The Ghost Writer
Ewan McGregor, Pierce Brosnan, Kim Cattrall, Olivia Williams, Tom Wilkinson, Timothy Hutton, Eli Wallach
US theatrical: (Limited release)
UK theatrical: 19 Mar 2010 (General release)
I’d heard an old LA story, about a vice squad officer on duty in Chinatown. He’d told his partner that the best thing to do there was as little as possible in the way of law enforcement, because you never know whether you’re helping to avert a crime, or helping to commit one. Then, Chinatown, as a notion, begins to stand for the futility of good intentions.
-Robert Towne, screenwriter, Chinatown (1974)
The futility of good intentions is the haunting payoff that Polanski revisits again in The Ghost Writer. Both films revolve around a wary young man - a man who wants, albeit reluctantly, to do the right thing, to expose corruption and malice. But he’s ultimately caught off guard. In his naivety, he underestimates the power of the forces he’s fighting against.
This is a quiet, gripping thriller, and they don’t make many of those these days. Hints of Hitchcock prevail. The plot is set in motion by an unfinished manuscript: the memoirs of a former Prime Minister of Great Britain, Adam Lang (Pierce Brosnan), a charismatic, liberal, but controversial figure who’s led Britain into a long, costly war in the Middle East on America’s behalf (yes, the parallels to Blair are hardly subtle). Lang’s previous ghost writer for his memoirs is found dead, his corpse washed up on the beach near the Martha Vineyard’s retreat where Lang and his entourage are living, in exile from the bloodthirsty British public.

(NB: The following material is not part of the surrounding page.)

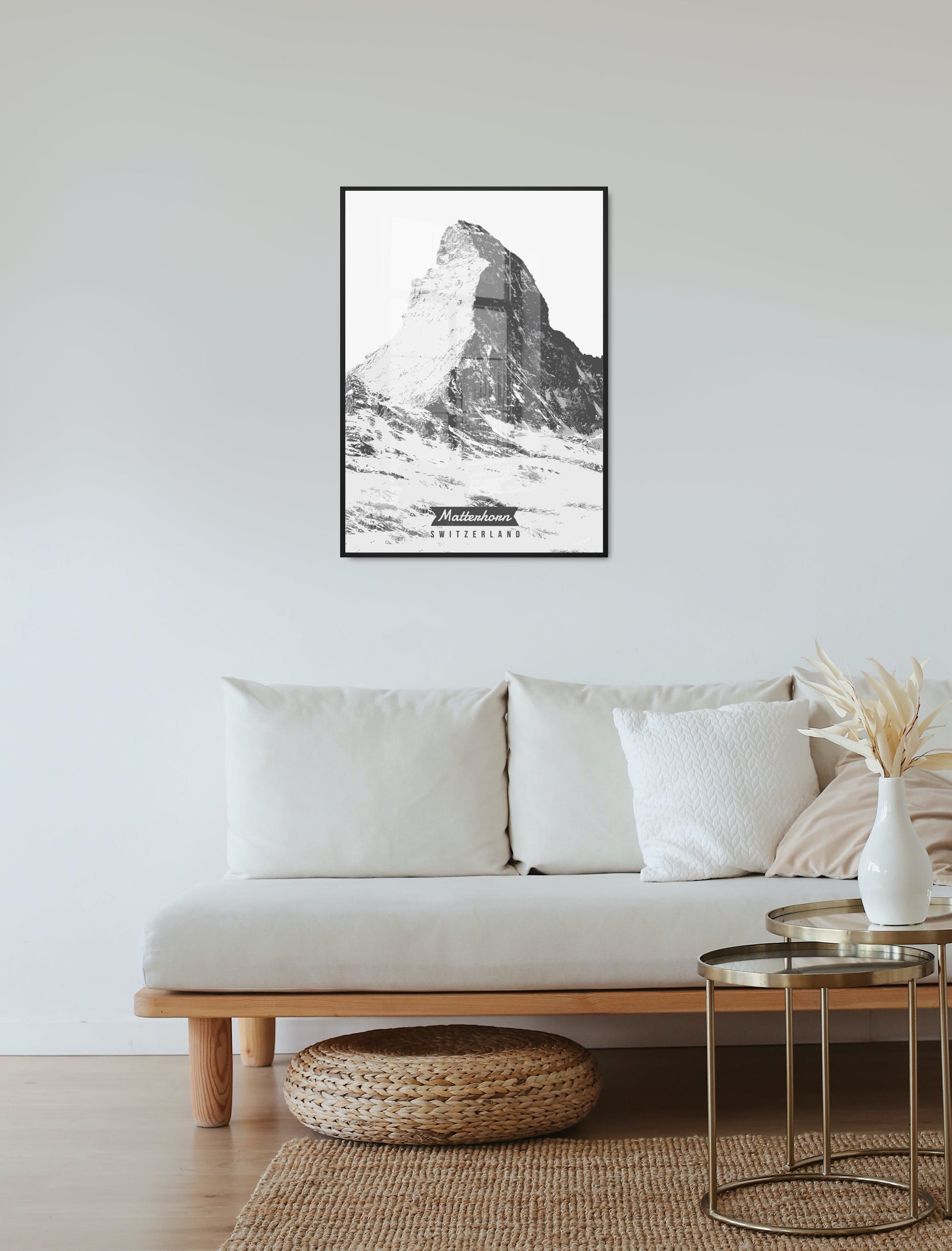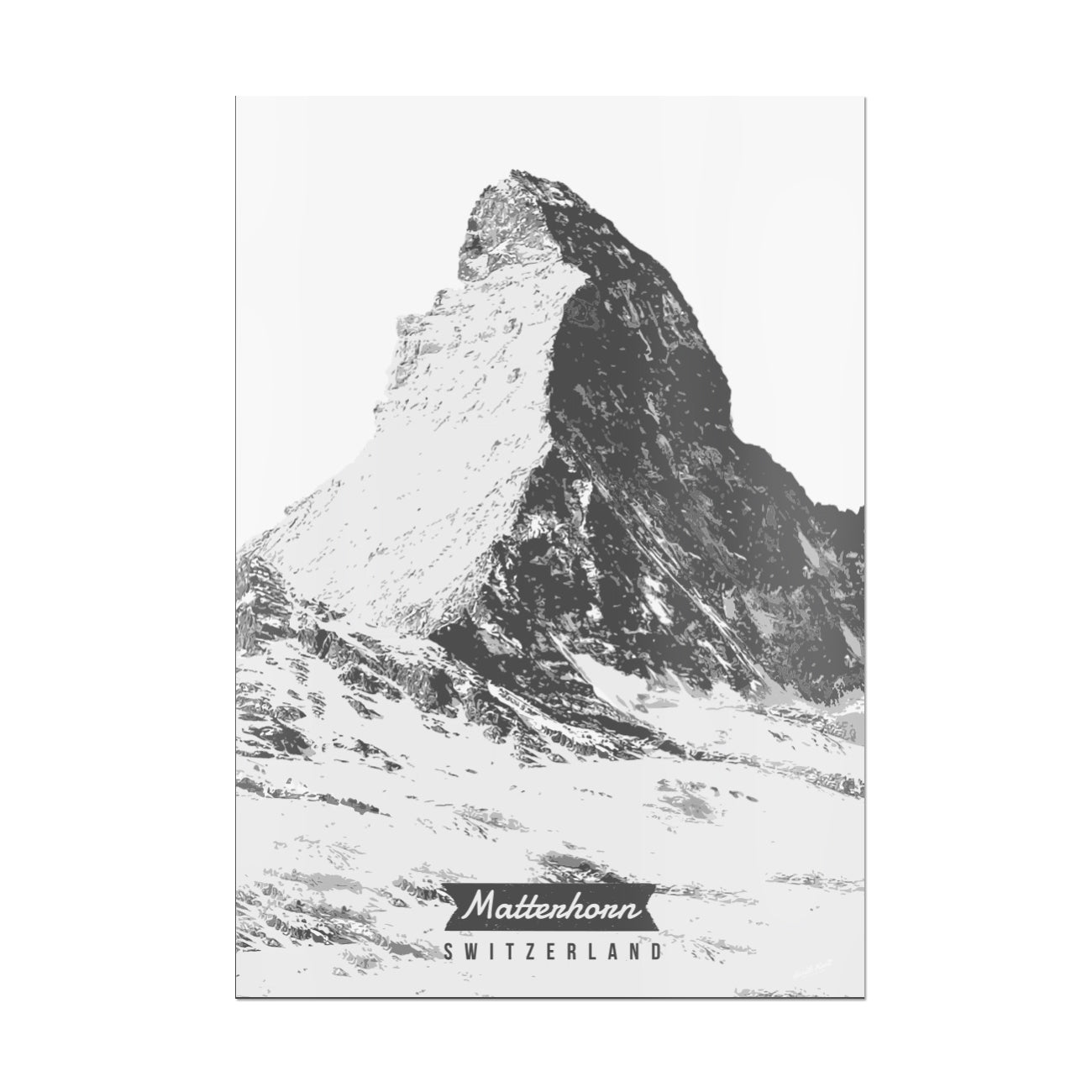 One of the most iconic mountain peaks in the world, the Great Matterhorn Mountain. Stands tall and upright between its neighbouring slopes. This is a world-renowned icon that in black and white vectorised styling gives it a classic timeless look.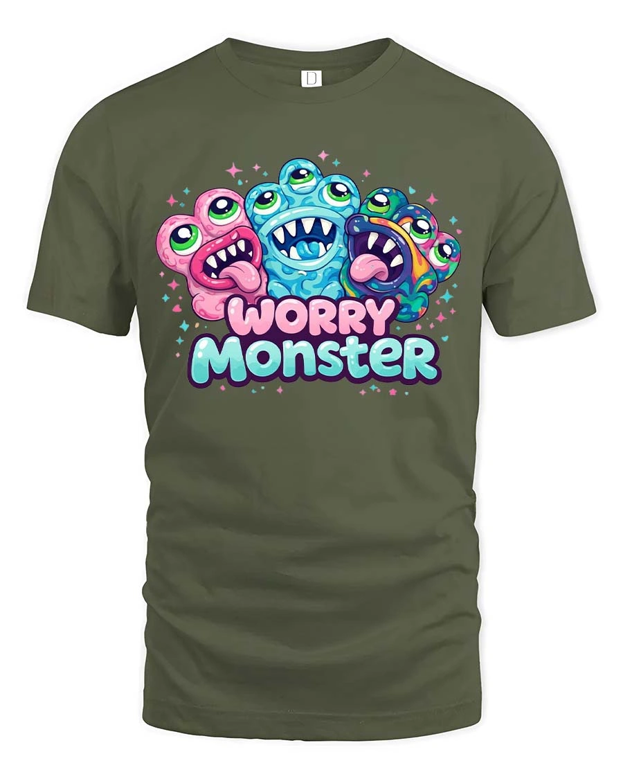 Funny Worry Monster T Shirt Cute Anxiety Cartoon Vibes brings a playful and expressive design that captures emotions with humor and charm.

Lang’s gruff, savvy American book editor (James Belushi in Harvey Weinstein-mode) recruits a new ghost writer to take over the project. He’s eager, unsuspecting, grateful for the new job and suspiciously fat advance bonus. He’s played by Ewan McGregor in the style of a noir hero, appealing, but fatally curious. The “Ghost” as he’s called (we’re never told his real name) is whisked off to Lang’s Martha’s Vineyard hideout, where he meets Lang, his capable, saucy personal secretary and mistress, Amelia (Kim Cattrall), and his brainy and acerbic wife, Ruth (Olivia Williams).

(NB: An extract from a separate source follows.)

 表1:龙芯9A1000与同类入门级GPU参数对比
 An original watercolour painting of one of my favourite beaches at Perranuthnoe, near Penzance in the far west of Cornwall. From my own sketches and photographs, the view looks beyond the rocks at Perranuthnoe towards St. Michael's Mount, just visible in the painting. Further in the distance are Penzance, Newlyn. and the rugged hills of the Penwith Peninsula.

There’s a chilly tension between wife, mistress, and husband, though you’ll discover later, for reasons that are not quite obvious. But no sooner than the Ghost arrives, Lang is being indicted by the International Criminal Court for War Crimes. It seems, that to successfully win the war on terror, Lang once ordered the illegal capture, torture, and imprisonment of a few Pakistani British-nationals. One of Lang’s disgruntled former colleagues in the party, Rycart (Robert Pugh), is the whistleblower. Meanwhile, the book editor is demanding that the manuscript for Lang’s 700 page memoirs is revised in finished in two weeks, to cash in on the notoriety of Lang’s impending arrest. In the process of writing, and of living in the same room as the deceased ghost writer, the Ghost stumbles onto a stash of hidden photographs from Lang’s halcyon university years at Cambridge that unlocks a shady conspiracy in Anglo-American relations.

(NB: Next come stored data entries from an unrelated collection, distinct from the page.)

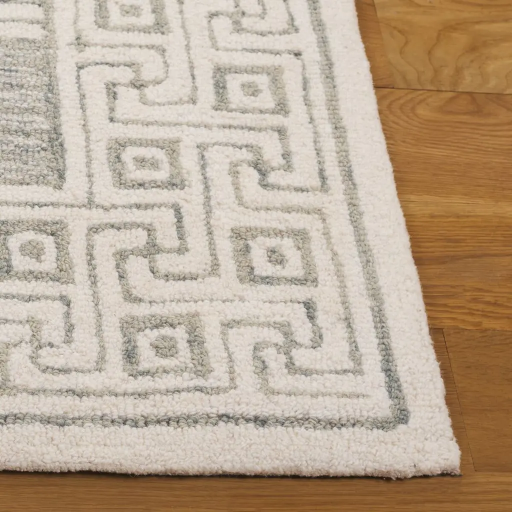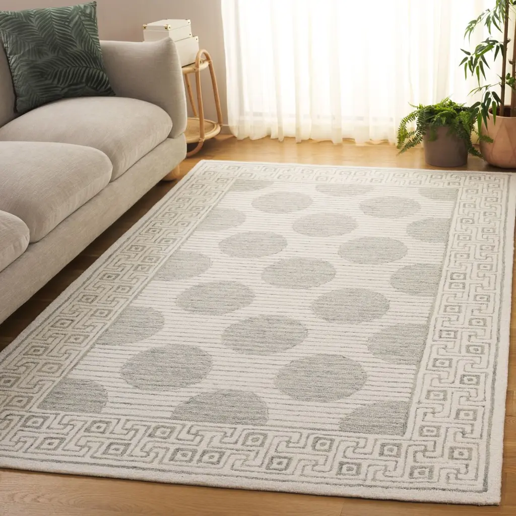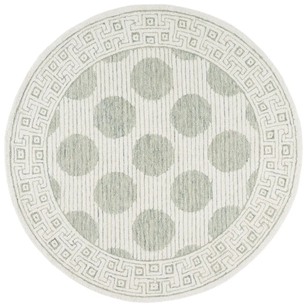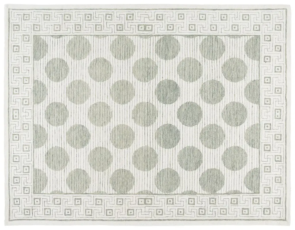 Elevate your living space with the sophisticated charm of our modern Sage/Ivory area rug. This small rectangle rug, sized 3 feet by 5 feet, features a plush 3/8 inch pile height that provides a luxurious underfoot experience. Hand-tufted in India with meticulous attention to detail, this rug is constructed from a premium blend of 80% wool for warmth and durability, 10% cotton for a soft touch, and 10% latex for resilience. The rug showcases a contemporary pattern, where elegant ivory spheres are set against a serene sage background, adding a touch of geometric intrigue to your decor. The border is adorned with a classic Greek key design, framing the piece and giving it a timeless aesthetic. Perfect for adding a modern yet classic touch to any room, this rug's versatile color palette and distinctive design will complement a wide range of interior styles. Each rug is a testament to the artisanal craftsmanship, bringing a piece of Indian heritage into your home. Whether placed in your living room, bedroom, or study, this area rug will create an inviting atmosphere and act as a focal point for your furnishings. Indulge in the blend of beauty and quality with our artisan-crafted area rug.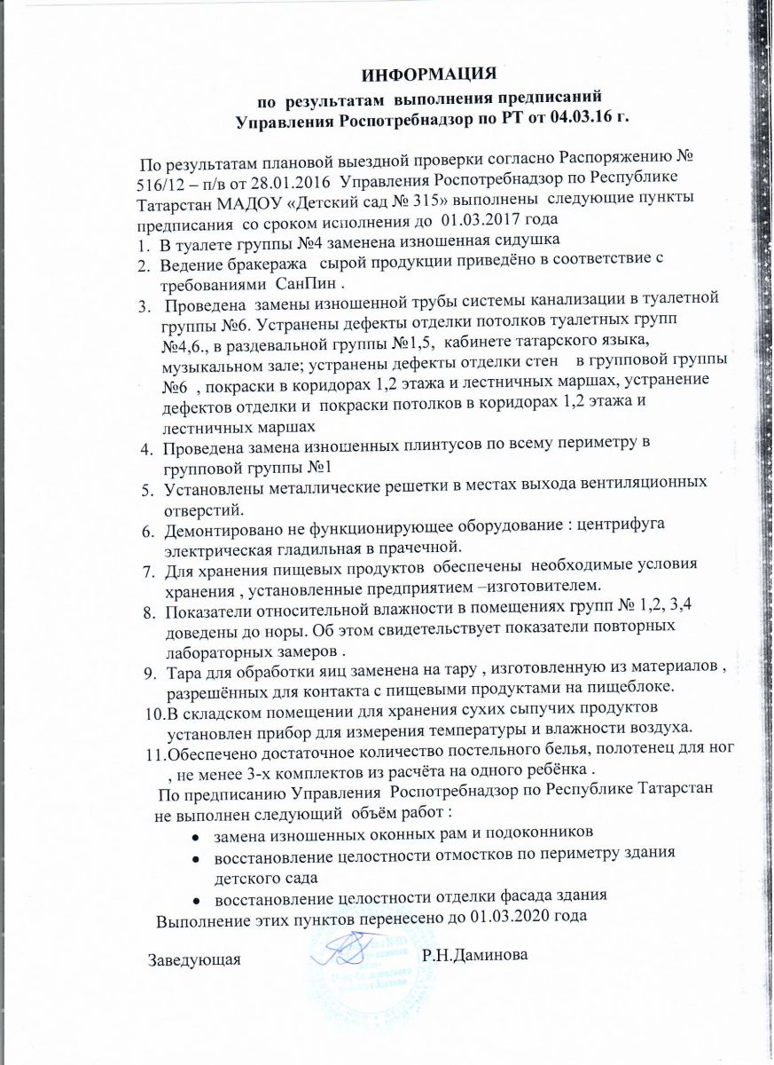 Отчет о выполнении предписания от 04.03.2016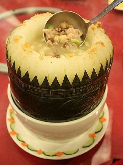 吴惠的做法是以香菇、火腿、牛蛙、鸭肾和高汤,放入冬瓜盅里文火炖足3小时,味道香醇而清甜,肉味浓郁。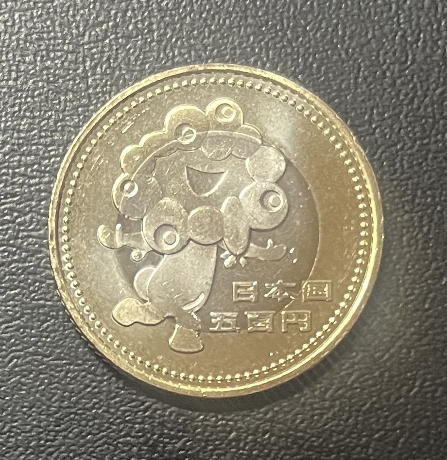 大阪万博を 記念して 500円の 記念硬貨が 出ています。この 記念硬貨には ミャクミャクが かいてあります。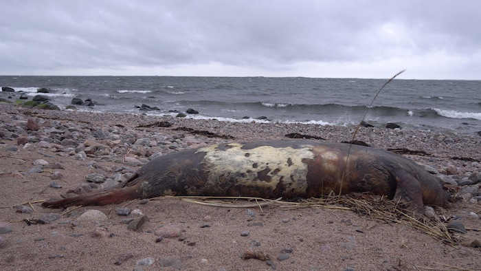 Day 20 — Due to the pandemic, I extended my stay at Örö. The sea brought a dead seal back to the island. It was here a month ago, but the waves took it back. First, it was on the beach in front of the residency’s house. I observed for minutes the restless body that surprisingly was not smelling so severely. The winter temperatures saved it from complete decomposition. Black and white fur used to cover most of the body that now unveils its exposed leather. The belly became transparent due to the impact of the rocks that ripped the surface apart. Through the stomach, I can see most of its orange-coloured digestive organs and intestines. I wondered what happened to the rest of its body. Mainly, I asked myself if it had a fulfilling and happy life, or even if those anthropomorphic concepts could be applied to non-human creatures.

The Ghost Writer has already grossed around $870K this weekend. It’s an entertaining, smart thriller, with an attractive cast of cerebral actors, and sharp dialogue (the masterful script is by Polanski and by Robert Harris, who adapted this from his own novel, The Ghost). About a fourth of the film, towards the middle, is a little sluggish in terms of pacing, and Polanski, like Hitchcock, is playing you, the audience, like a piano. He gets you apprehensive about little things, like a password-encrypted file cabinet, and a flash drive with secret, valuable information, just for mere fun of startling you. The film, however, gets a terrific jolt of energy during a scene where the Ghost follows a set of automated voice directions from the dead ghost writer’s car, leading him to meet an important source.
From here, the movie is a masterpiece of pacing and finesse. And of course, there’s the remarkable ending, one that involves a note being passed from hand-to-hand in a large crowd, that’s simply breathtaking. At the very end, you sense echoes of Chinatown, and wonder what Polanski, now in custody - under house arrest in Switzerland (a situation not altogether different from Lang’s) - is saying about the greater forces of government and the Establishment. This film is the quiet whimper to Chinatown‘s agonized cry of outrage, and it’s brilliant. You’ll be sorry if you miss it.